In [None]:
# Load test data

import torch
from torch.utils.data import Dataset
import pandas as pd
from PIL import Image
import os

# Custom Dataset
class ChestXrayDataset(Dataset):
    def __init__(self, df:pd.DataFrame, transform=None):
        self.df = df
        self.transform = transform
    
    def __len__(self):
        return len(self.df)
    
    def __getitem__(self, idx):
        img_path = self.df.iloc[idx]['path']
        label = self.df.iloc[idx]['label']
        image = Image.open(img_path).convert('RGB')
        
        if self.transform:
            image = self.transform(image)
        
        return image, label
    
def resolve_data_path(data_dir: str):
    normal_dir = os.path.join(data_dir, 'NORMAL')
    pneumonia_dir = os.path.join(data_dir, 'PNEUMONIA')

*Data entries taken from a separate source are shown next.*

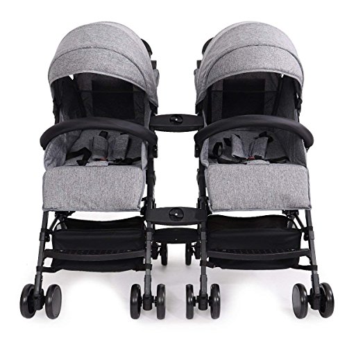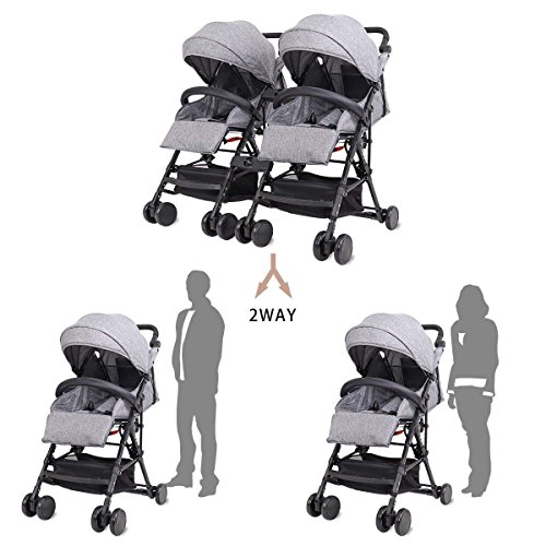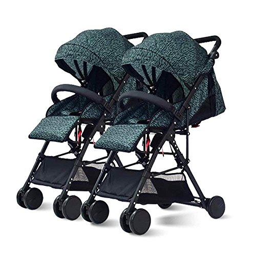 (Newox) ベビーカー 二人乗りベビーカー 双子ベビーカー リクライニング機能 独立使用可能 物置カゴ付き (Green)
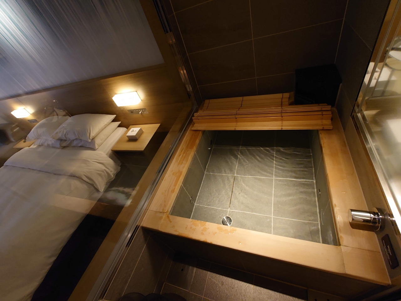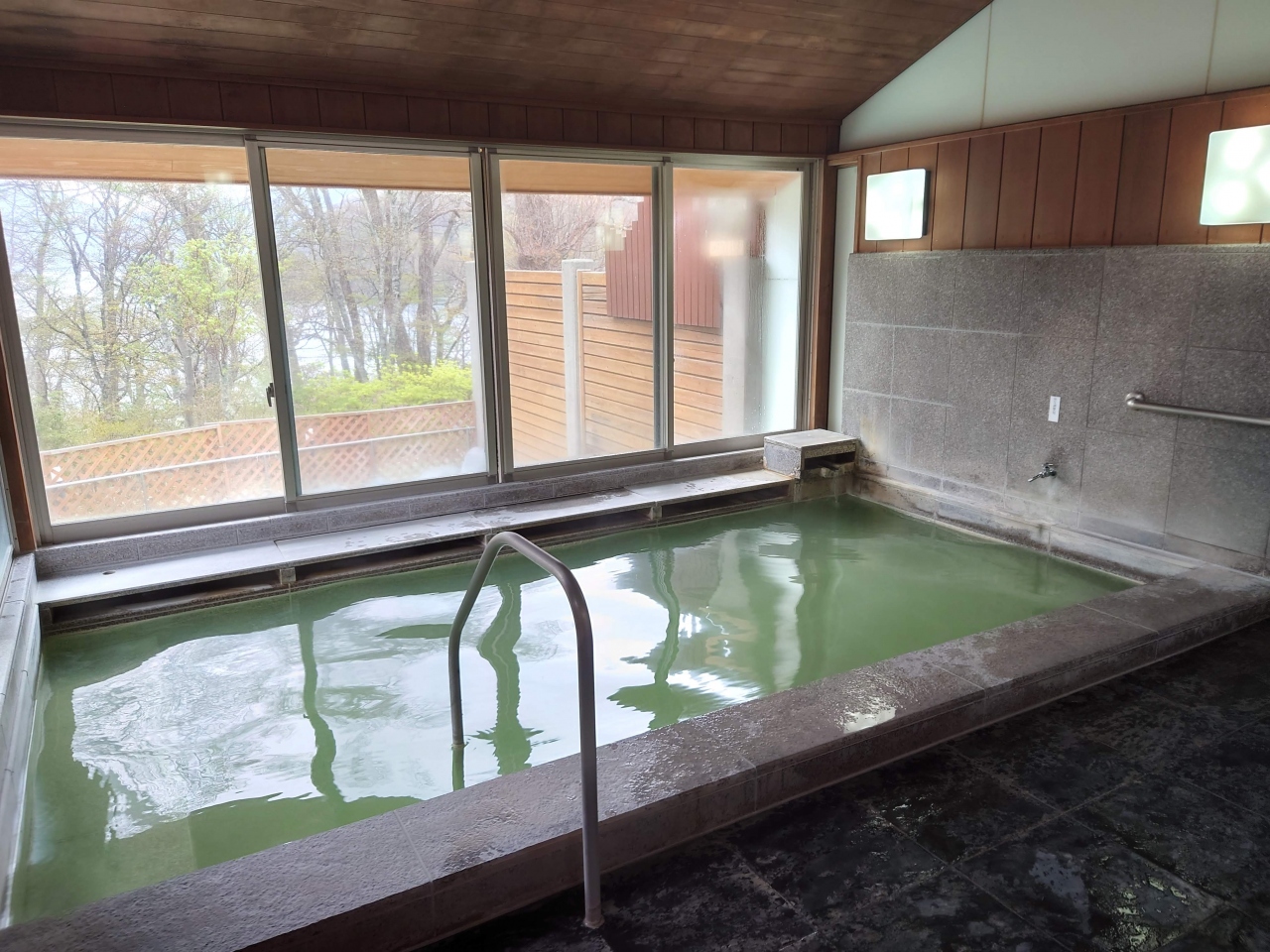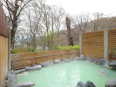 温泉は部屋・大浴場共に同じ循環のお湯で泉質はそれなり。部屋温泉はベッドの手前に綺麗な小さなものがあり、いつでも気ままに入れるのが良い。2階と1階にある大浴場(それぞれ男女入れ替え制)にも入りに行きましたが、そちらも空いていて快適に満喫。特に朝風呂で入った露天風呂では、新緑の下で美味しい空気を吸いながら温泉を楽しめなかなか。
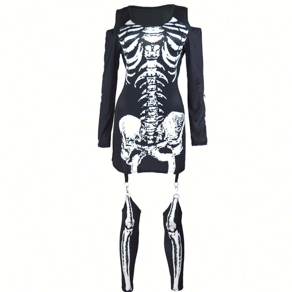ชุดฮาโลวีนเปิดไหล่เซ็กซี่งานแฟนซีชุดการแสดงสีเข้มพร้อมชุดสูท
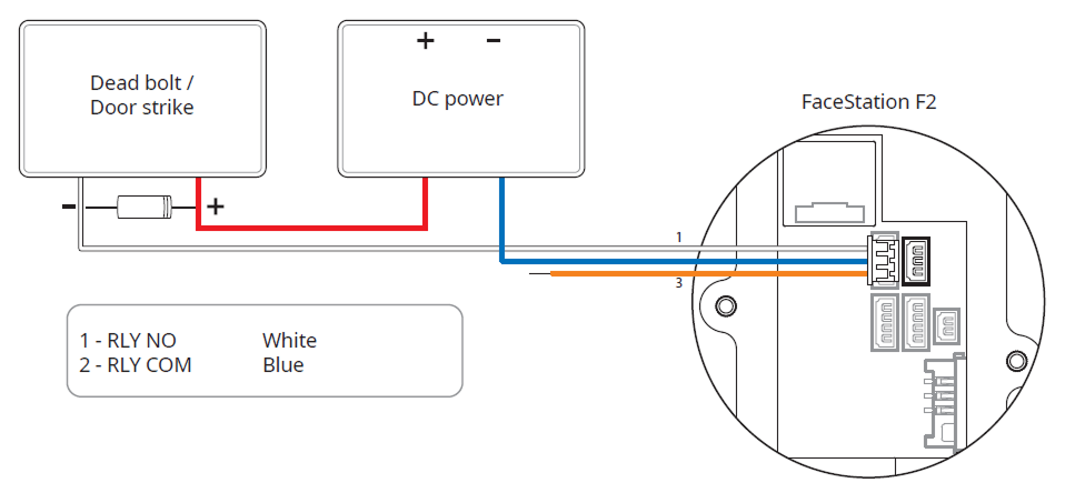 フェイルセキュアロックを使用するには、下図のように N/O リレーを接続してください。 Fail Secure Lock は通常、リレー回路に電流が流れず、リレーが動作して電流が流れると出入口が開きます。 停電や外部要因で装置の電源が切れた場合、出入口が施錠されます。
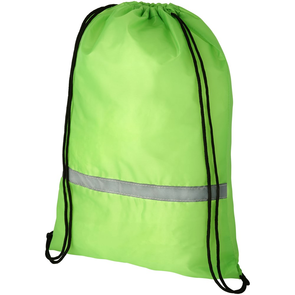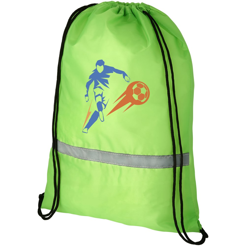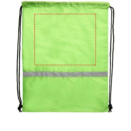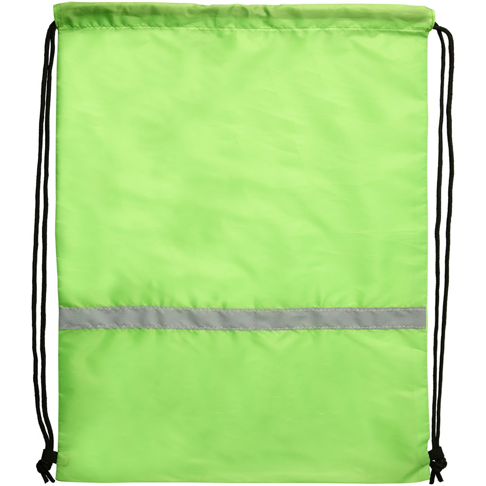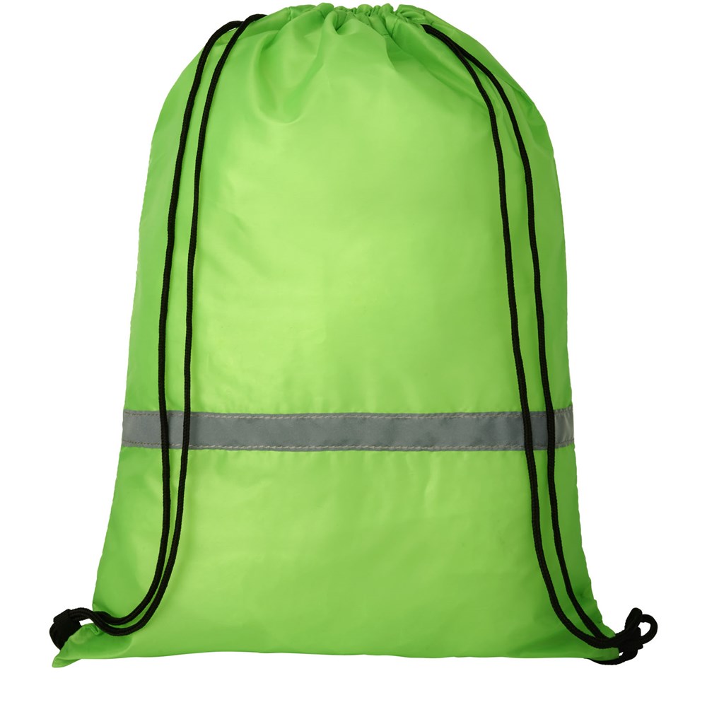 Sportbeutel, zertifiziert nach EN 13356. Großes Hauptfach mit Kordelzugverschluss. Ausgestattet mit einem reflektierenden Frontband und verstärkten Ecken. Beständigkeit bis zu 5 kg.
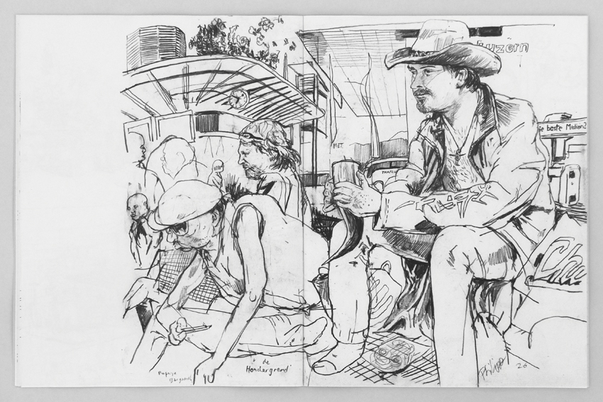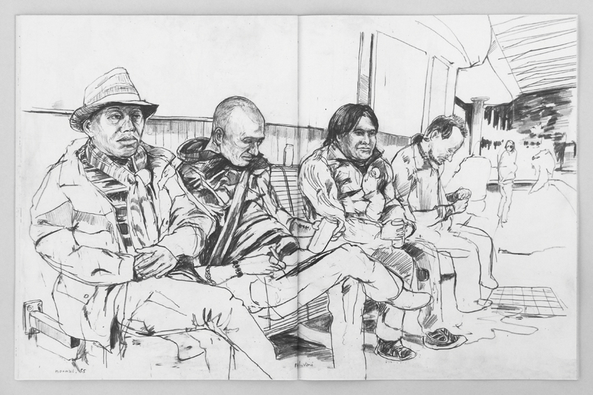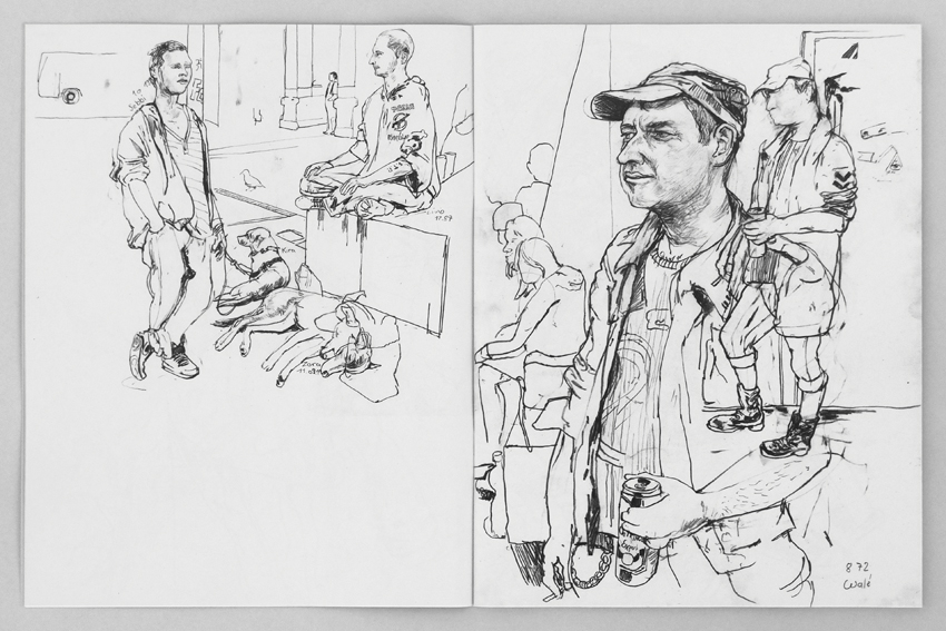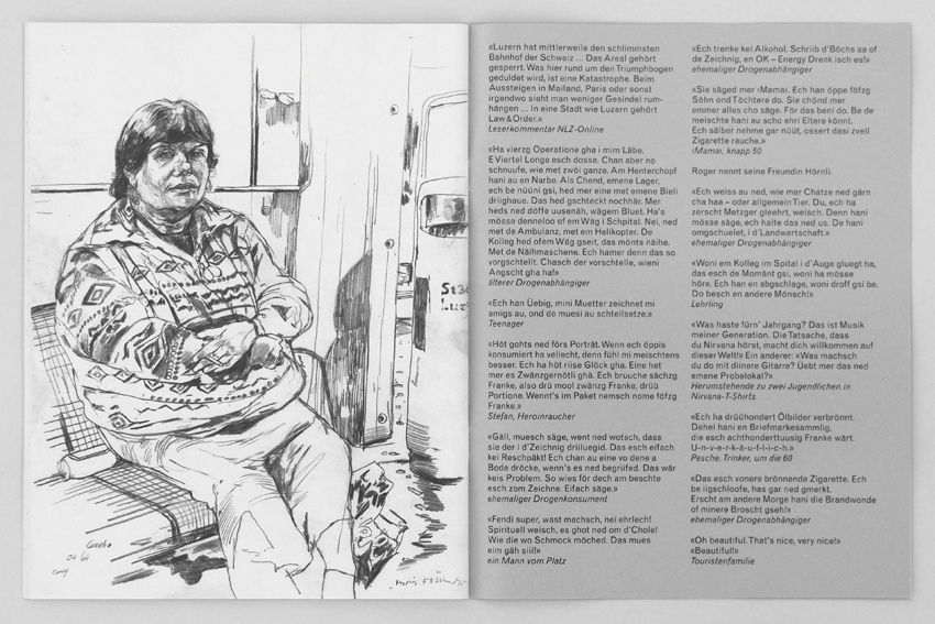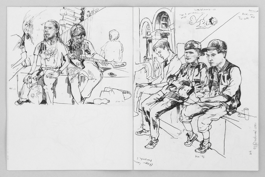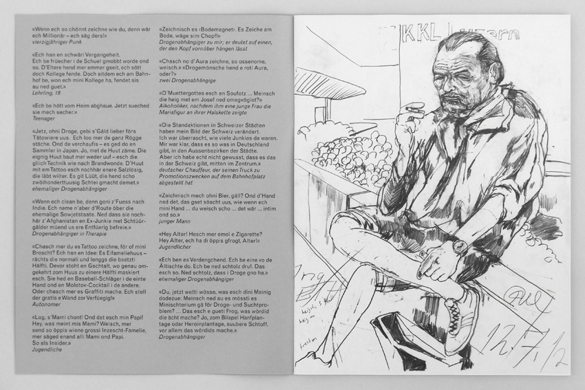 Während eines halben Jahres zeichnete ich fünfundzwanzig Mal vor Ort Jugendliche, Punks, Alkoholiker, Drogenabhängige und
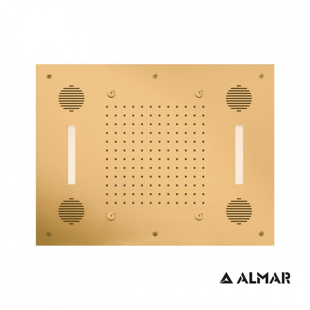 Κεφαλή ντους οροφής εντοιχισμού Temptation 63x48 εκ. 2 ροών (βροχή ή υδρονέφωση), με ηχοσύστημα bluetooth, χρωματοθεραπεία & remote control, από ανοξείδωτο ατσάλι, Almar Ιταλίας

    normal_paths = [os.path.join(data_dir, 'NORMAL', f) for f in os.listdir(normal_dir) if f.endswith(('.jpeg', '.jpg', '.png'))]
    pneumonia_paths = [os.path.join(data_dir, 'PNEUMONIA', f) for f in os.listdir(pneumonia_dir) if f.endswith(('.jpeg', '.jpg', '.png'))]
    pathes = normal_paths + pneumonia_paths
    labels = [0]*len(normal_paths) + [1]*len(pneumonia_paths)
    return pd.DataFrame({'path': pathes, 'label': labels})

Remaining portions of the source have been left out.